THE INPUT
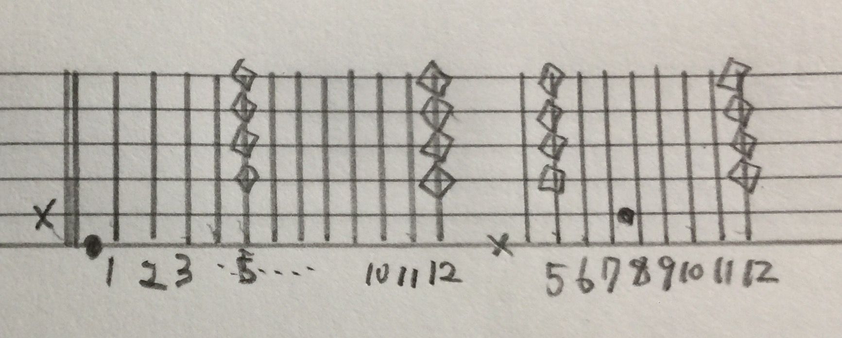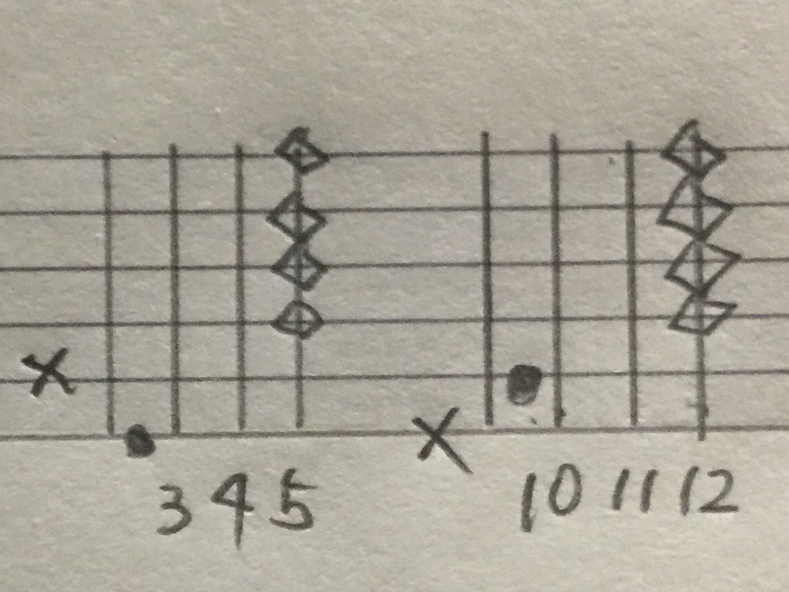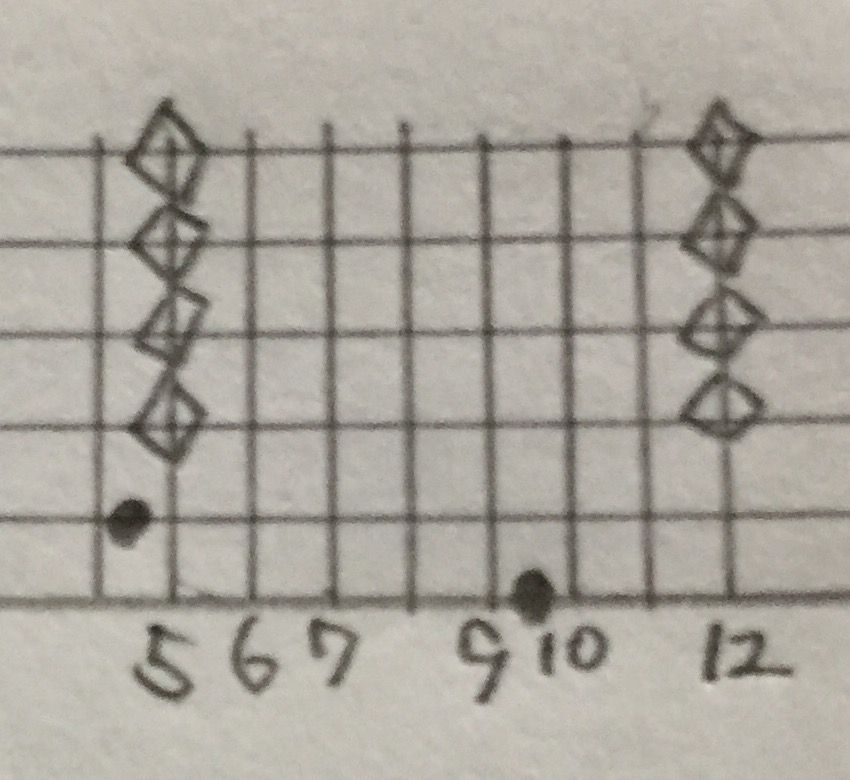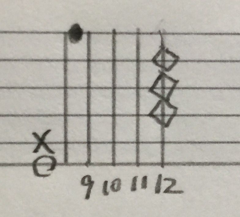 ひし形みたいなのは、ハーモニクスです。つまり6弦8フレットを押さえながら、
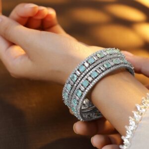 Set of 2 Silver-Plated Mint Green & White Cubic Zirconia Studded Premium Bangles – 02-Aug
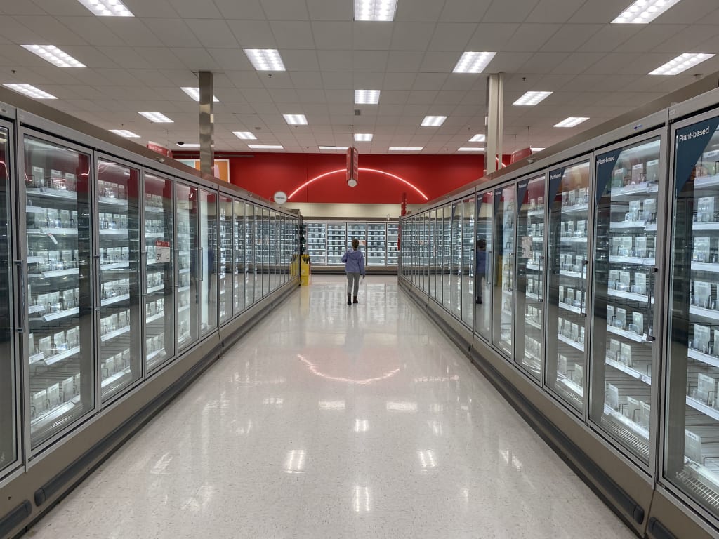By Friday, the snow had turned to slush, the aisles at the Super Target were cleaned out of any perishable item besides a small, pathetic pile of cabbage, some beat-up looking cucumbers and maybe a few cobs of corn. It reminded me of my crippled little backyard garden, my little baby salad greens, chard, kale, collards and brussels all destroyed by the 'freak' cold snap. My daughter's list has contained eggs, salad and milk. Walking through the empty aisles, masks dawned, and slightly traumatized from the ordeal, it felt like we were living in an apocalyptic future zone, where humans were living in scarcity and having to make-due and fight and/or suffer over limited and basic resources.
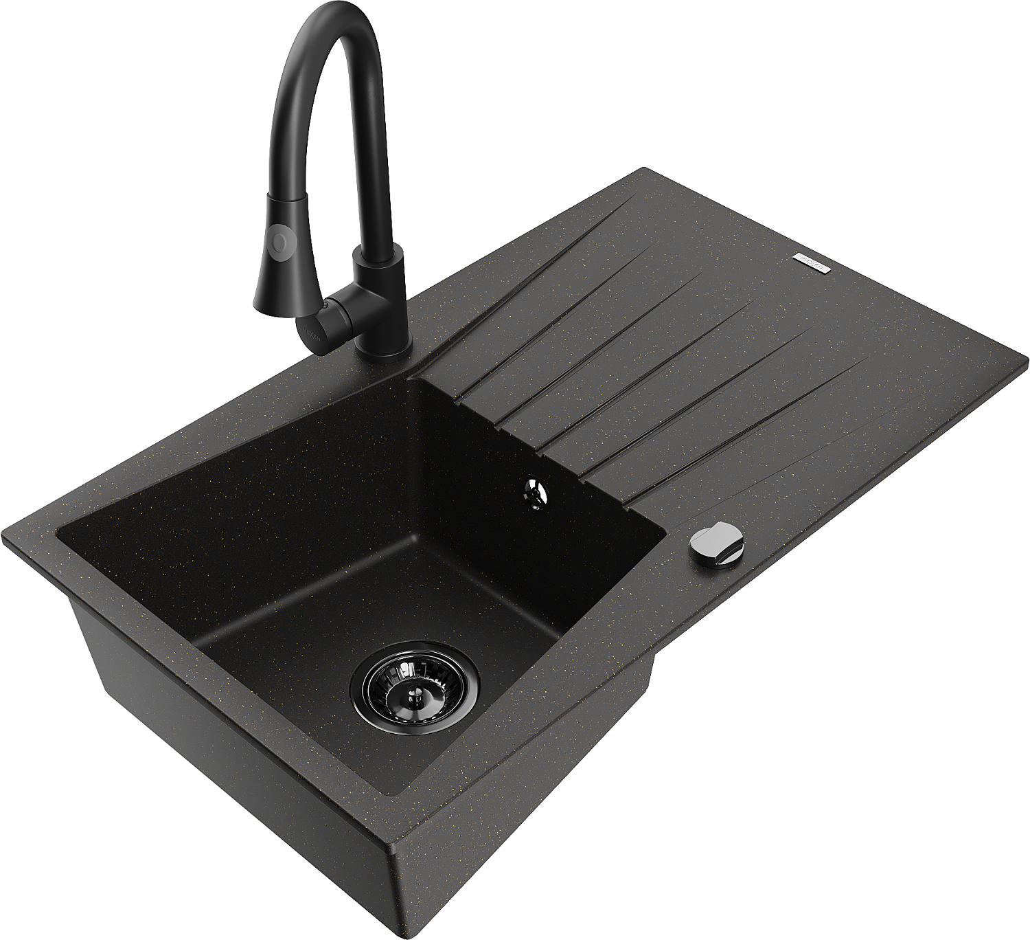 Mexen Cesar chiuvetă de granit cu o cuvă și scurgător, cu baterie de bucătărie Elia, negru/auriu metalic
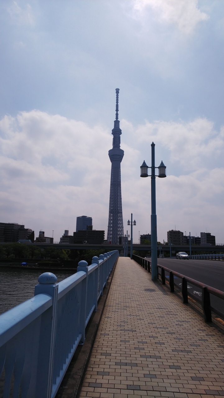 橋からはスカイツリーが目前に見えるような感じで、橋と川とスカイツリーを一度に写真に収められるスポットでもある。
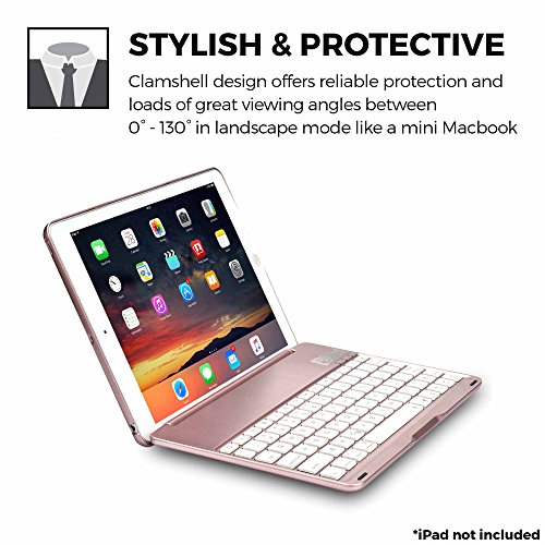 HIGH QUALITY, STURDY PROTECTION WITH SLEEP WAKE COVER - protect and store your device while also giving your iPad the typing functionality it deserves. The clamshell clamcase design looks like Macbook's little brother. Provides up to 120 degree screen viewing angle. iPad cover comes with Sleep/Wake functionality that puts your i-Pad to bed when closing screen.
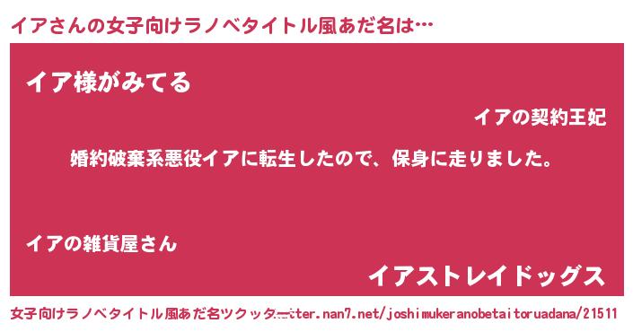 | 胡散臭い通販商品みたいなあだ名 | 『信頼と実績のサプリメント…その名も「イア」』 |
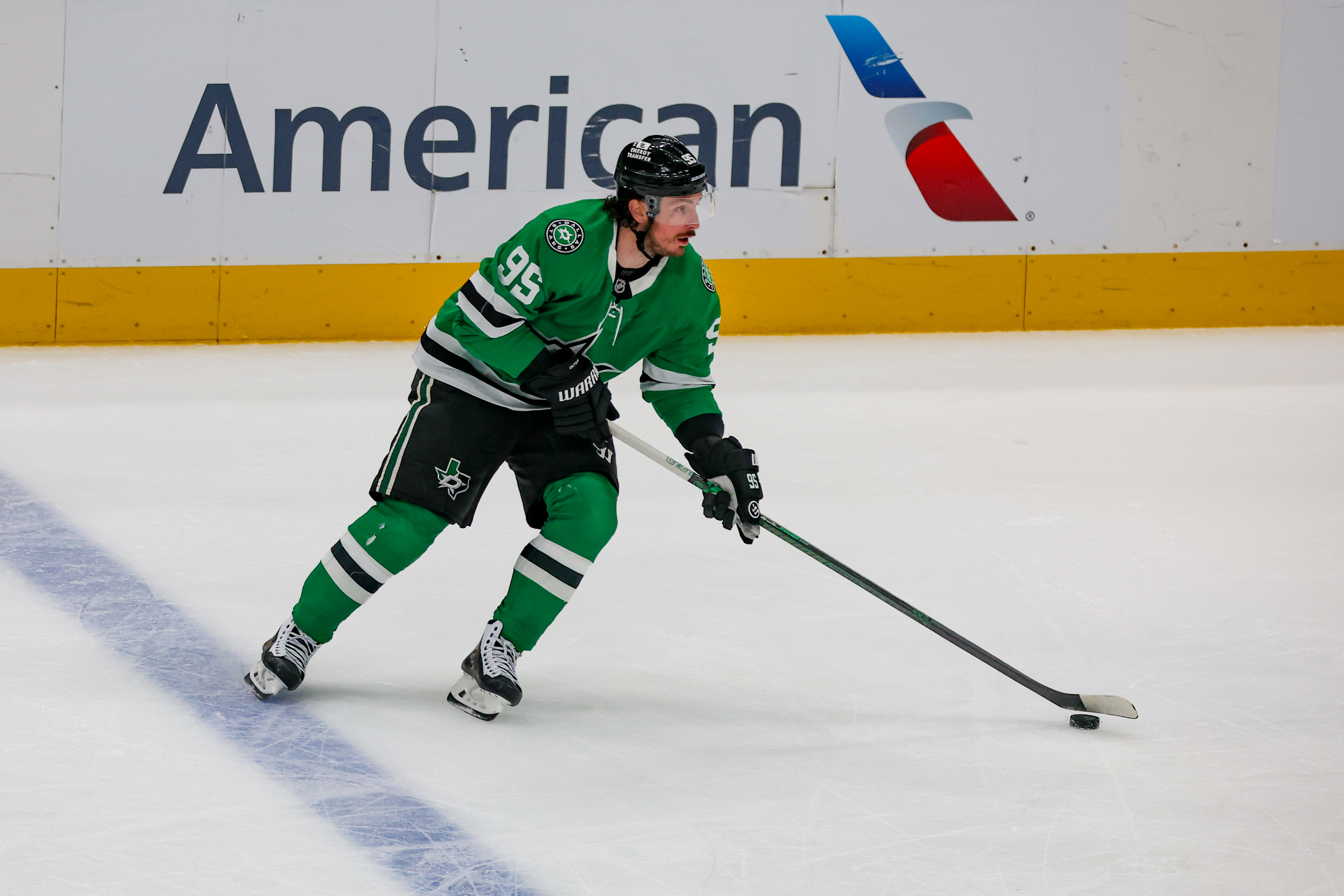 DALLAS, TX - APR 28: Dallas Stars center Matt Duchene (95) moves the puck during the Round 1 Game 5 of the 2025 Stanley Cup Playoffs game between the Dallas Stars and the Colorado Avalanche on April 28, 2025 at the American Airlines Center in Dallas, TX. (Photo by George Walker/DFWsportsonline)
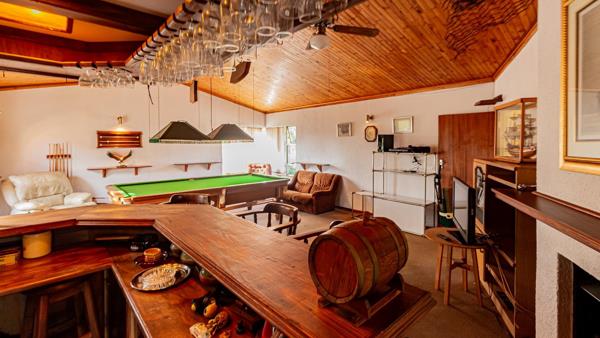 The kitchen opens onto a private, open courtyard. Upstairs, a breathtakingly large entertainment lounge where a solid character bar and billiard table await, extending to an enclosed gym with great light and views. Bedrooms are spacious, with the main en-suite featuring a pampering Jacuzzi bath. Bathrooms feature a bath, a shower, or both. Outdoors, a large double garage with good flooring, a borehole, and staff accommodation complete the offering. Lindens value keeps rising. On application, there is an opportunity to explore home business options, perhaps subdivision, or other ventures. Exempt from the over-50 age restriction.
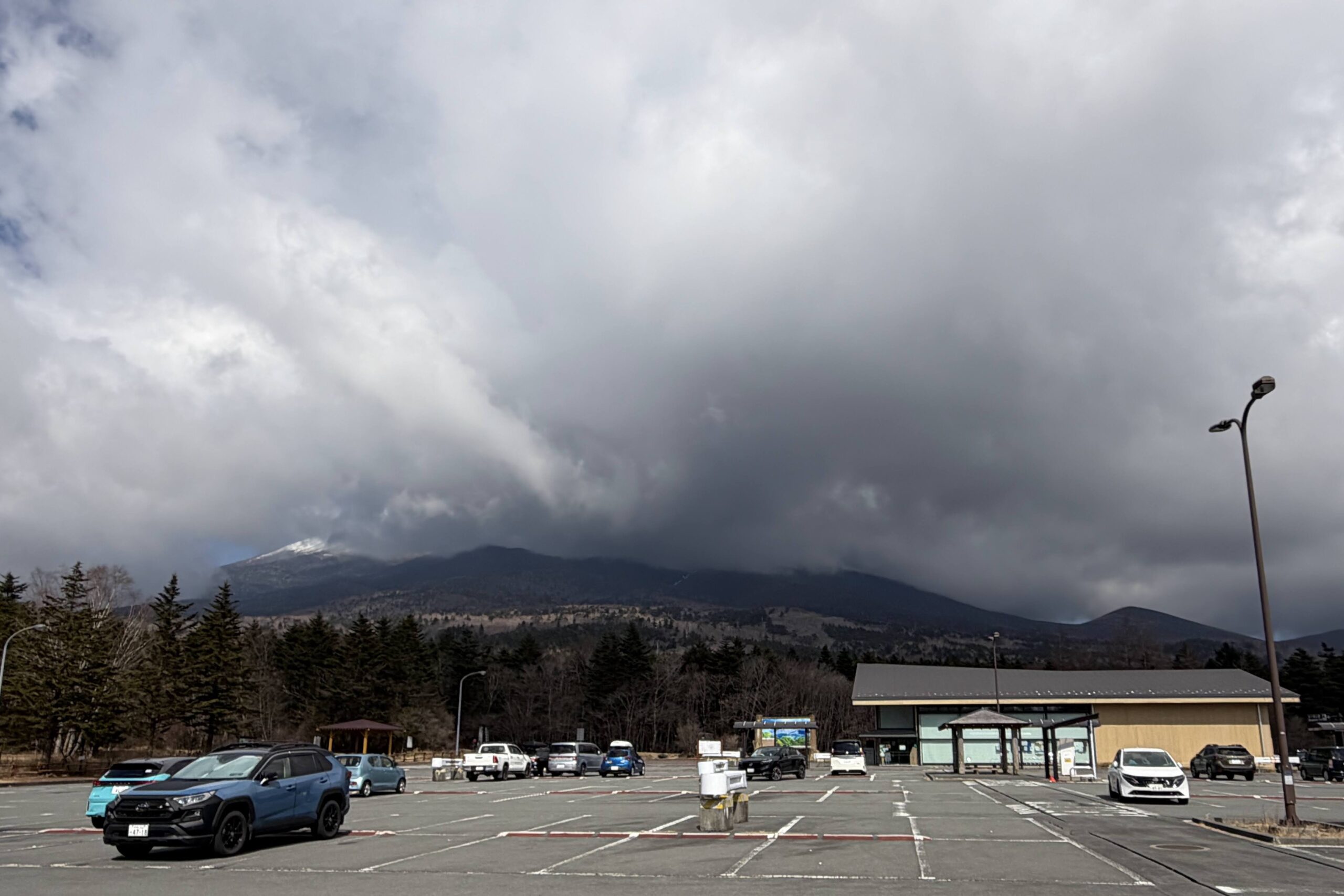 時間がたてば,雲もどいてくれるかもと御殿場から富士山スカイラインで標高1450mにある水ヶ塚 みずがづか の駐車場まできましたが,さらに雲が富士全体を覆い,ほとんど姿が見えません。
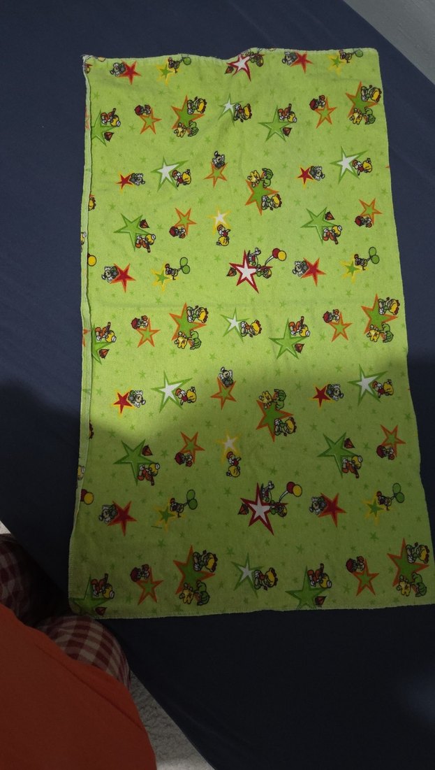 çift katlıdır, 85 cm. 46 cm Renkli baskılı desene sahip, yumuşak sentetik kumaştan yapılmış çocuk battaniyesi.

YOUR OBJECTIVE
Using the listing above, write out exactly the lines from the one that holds "HIGH QUALITY, STURDY" through the last line, both included, and omit pictures.

RESPONSE
 HIGH QUALITY, STURDY PROTECTION WITH SLEEP WAKE COVER - protect and store your device while also giving your iPad the typing functionality it deserves. The clamshell clamcase design looks like Macbook's little brother. Provides up to 120 degree screen viewing angle. iPad cover comes with Sleep/Wake functionality that puts your i-Pad to bed when closing screen.
 | 胡散臭い通販商品みたいなあだ名 | 『信頼と実績のサプリメント…その名も「イア」』 |
 DALLAS, TX - APR 28: Dallas Stars center Matt Duchene (95) moves the puck during the Round 1 Game 5 of the 2025 Stanley Cup Playoffs game between the Dallas Stars and the Colorado Avalanche on April 28, 2025 at the American Airlines Center in Dallas, TX. (Photo by George Walker/DFWsportsonline)
 The kitchen opens onto a private, open courtyard. Upstairs, a breathtakingly large entertainment lounge where a solid character bar and billiard table await, extending to an enclosed gym with great light and views. Bedrooms are spacious, with the main en-suite featuring a pampering Jacuzzi bath. Bathrooms feature a bath, a shower, or both. Outdoors, a large double garage with good flooring, a borehole, and staff accommodation complete the offering. Lindens value keeps rising. On application, there is an opportunity to explore home business options, perhaps subdivision, or other ventures. Exempt from the over-50 age restriction.
 時間がたてば,雲もどいてくれるかもと御殿場から富士山スカイラインで標高1450mにある水ヶ塚 みずがづか の駐車場まできましたが,さらに雲が富士全体を覆い,ほとんど姿が見えません。
 çift katlıdır, 85 cm. 46 cm Renkli baskılı desene sahip, yumuşak sentetik kumaştan yapılmış çocuk battaniyesi.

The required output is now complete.